While we admit that these unaddressed aspects regarding other socio-cultural factors or different levels of detail of the Communication Network [57] should be considered in subsequent works, the estimations given here can be of practical use in several ways. First, the developed procedure provides estimations as to the level of integration that can be achieved by using social and residential mixing strategies. Secondly, we provide a systematic method that can give consistent quantitative evidence about the volumes and destinations required if a group—in our case Syrian refugees—were to be relocated in a particular urban or regional area. This recommendation can be seen as a good starting point for governments and NGOs to analyse the situation, target their campaigns, and optimise their economic investment in the area.

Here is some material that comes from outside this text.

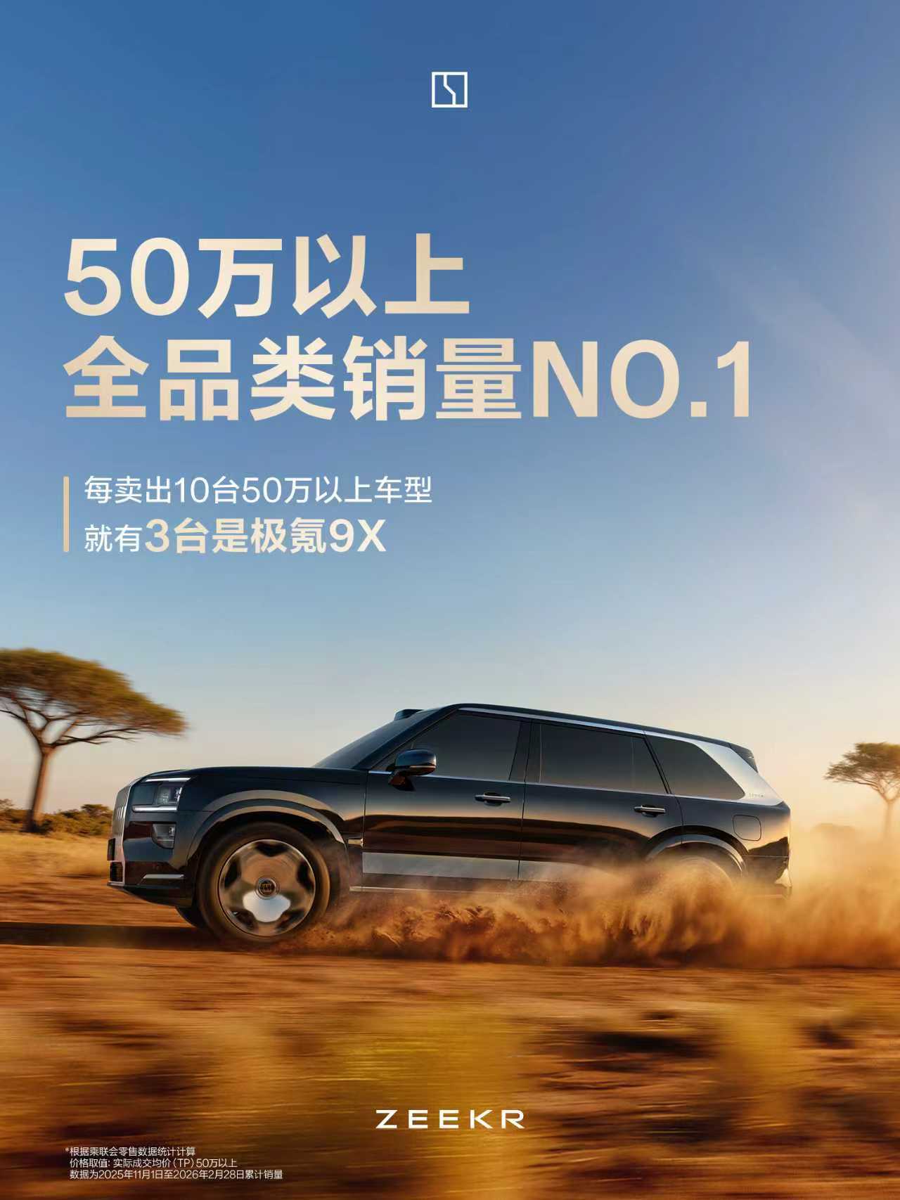 极氪9X连续4个月销量第一50万以上全品类销量冠军每卖出10台50万以上的车型就有3台9X极氪9X

Lastly, the optimisation framework proposed here can be easily complemented with other interesting parameters. In this work, we applied only one restriction to mobility: the one limiting the proportion of refugees per district. That said, mobility can be easily restricted in other ways. For instance, assuming the availability of the data, a restriction could be applied using employment data or labor demand in each district in order to achieve more socially accurate results.

An illustrating example of this exercise is if we consider how refugees’ choice of residential location influences their integration with the local community [58, 59]. Policy-driven incentives such as rent subsidies could facilitate those who, for example, might choose to move away from an ethnic enclave if rent prices outside were lower [56]. In our case, we have estimated that average rent paid among the relocating refugee population would not rise by more than by 39€ per family per month. This is a barrier that could be too high for refugees who already have difficulties. However, it is also a barrier that governmental and NGO policy could reduce. Governments and NGOs have a range of options available to them to incentivise locational choice which are out of the scope of the scientific work presented here. However, several well-known approaches to the problem exist. In this sense, our method could be used as an input to design programs involving a differential rent subsidy, or “voucher” [60], based on the relative rent price in target districts.

As a final note, it is worth saying that it is not our objective to advocate particular policies, but instead to provide methods to quantify and give indications of what could be expected from house mixing policies. An optimal integration of the refugee and host population should probably be considered an organic process, as the meaning of integration here is connections between people, and connections are made voluntarily and maintained only by individual choice. In the event that governments and non-governmental entities decide to take a hands-off approach to integration policy, the proposed framework can be useful for analysing how the situation evolves and providing early warnings of recessive or problematic conditions.